» Task brief
Repeat only what runs from the line with "3D render, Disney, Disney" through the last line of the data below, both included, keeping every word as it is and leaving out the pictures.

*** Exercise input Section Begins ***

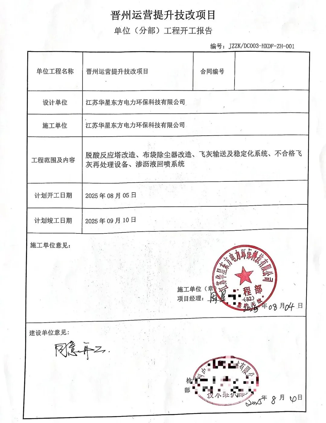 華星東方承建的河北省石家莊市晉州市生活垃圾焚燒發(fā)電提升技改項(xiàng)目煙氣凈化工程于2025年08月05號(hào)開(kāi)工建設(shè),于08月27號(hào)已安裝完成通過(guò)初步驗(yàn)收。
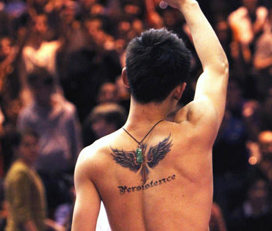 ????張繼科背后那展翅高飛的圖案,正是他的心愿?!皃ersistence”的英文,意思是堅(jiān)持、毅力,在他的心中就是持之以恒。這樣的寓意,是他對(duì)自己的激勵(lì),更是對(duì)自己的期待。文身,放在普通的年輕人身上,也許并不會(huì)引起太多的關(guān)注,但在國(guó)乒這支紀(jì)律嚴(yán)明、管理嚴(yán)格的隊(duì)伍中,張繼科多少顯得有些另類。其他隊(duì)員想都不敢想的事情,而張繼科不僅敢想,還付諸行動(dòng)了。這就是他的個(gè)性,被劉國(guó)梁稱為“藏獒”的血性。
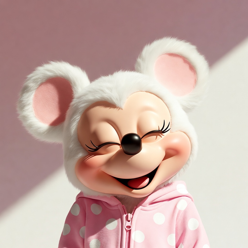 3D render, Disney, Disney character, Mickey Mouse friend, anthropomorphic mouse, black nose, cartoon mouse, closed eyes, cute animal, fuzzy fur, happy expression, illustration, isolated background, pink hoodie, polka dots, smiling mouse, white ears, Minnie Mouse
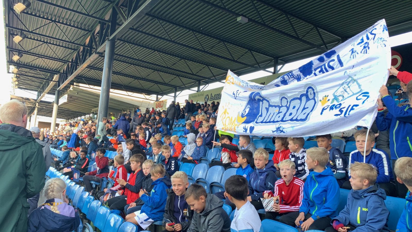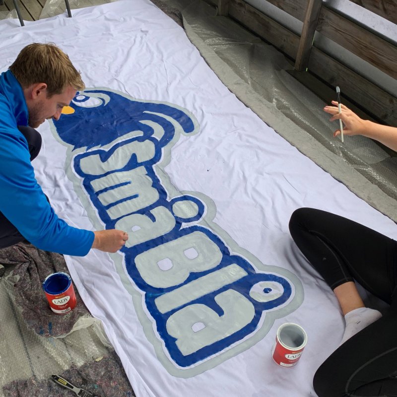 Her ønsker vi hjelp fra dere hjemme. Vi har kjøpt inn et stort parti med hvitt og blått stoff som skal legges ut som bannere på tribunen. Vi oppfordrer derfor alle som ønsker det til å bidra med å dekorere disse bannerne hjemmefra.
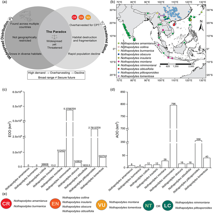 | Fig. 1 The paradox of widespread yet threatened species in the genus Nothapodytes. (a) Conceptual Venn diagram illustrating that, despite their broad distribution across multiple countries and diverse habitats, Nothapodytes species remain threatened due to overharvesting for CPT extraction, habitat destruction, and population decline. (b) Geographic distribution map across Asia (GBIF, 2025). (c) The Extent of Occurrence (EOO). (d) The Area of Occupancy (AOO) for each species. (e) Proposed IUCN Red List categories based on IUCN B1 and/or B2 criteria. |
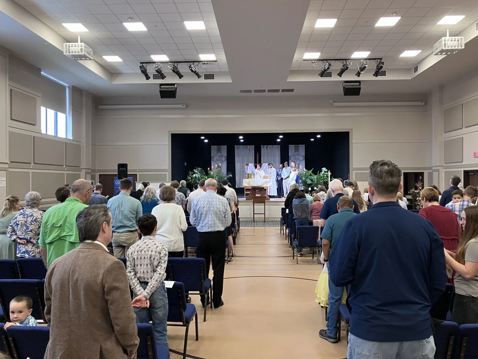 We gather in the Woehler Family Center at St. Thomas Episcopal Church who have graciously allowed us to use their family life center.
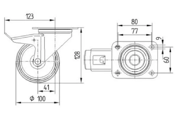 | Technická informace | Otočné kolečko s totální brzdou, v zadní části kola, Vidlice kolečka vyrobena z ocelového výlisku, pozinkováno, dvouřadá kuličková dráha v otočné hlavě, kolo uchyceno šroubem a matkou, otvor pro čep. Střed kolečka vyroben z polypropylénu, Běhoun: gumová obruč, šedá neznačkující, jehlové ložisko |

*** Exercise input Section Ends ***

» Response
 3D render, Disney, Disney character, Mickey Mouse friend, anthropomorphic mouse, black nose, cartoon mouse, closed eyes, cute animal, fuzzy fur, happy expression, illustration, isolated background, pink hoodie, polka dots, smiling mouse, white ears, Minnie Mouse
 Her ønsker vi hjelp fra dere hjemme. Vi har kjøpt inn et stort parti med hvitt og blått stoff som skal legges ut som bannere på tribunen. Vi oppfordrer derfor alle som ønsker det til å bidra med å dekorere disse bannerne hjemmefra.
 | Fig. 1 The paradox of widespread yet threatened species in the genus Nothapodytes. (a) Conceptual Venn diagram illustrating that, despite their broad distribution across multiple countries and diverse habitats, Nothapodytes species remain threatened due to overharvesting for CPT extraction, habitat destruction, and population decline. (b) Geographic distribution map across Asia (GBIF, 2025). (c) The Extent of Occurrence (EOO). (d) The Area of Occupancy (AOO) for each species. (e) Proposed IUCN Red List categories based on IUCN B1 and/or B2 criteria. |
 We gather in the Woehler Family Center at St. Thomas Episcopal Church who have graciously allowed us to use their family life center.
 | Technická informace | Otočné kolečko s totální brzdou, v zadní části kola, Vidlice kolečka vyrobena z ocelového výlisku, pozinkováno, dvouřadá kuličková dráha v otočné hlavě, kolo uchyceno šroubem a matkou, otvor pro čep. Střed kolečka vyroben z polypropylénu, Běhoun: gumová obruč, šedá neznačkující, jehlové ložisko |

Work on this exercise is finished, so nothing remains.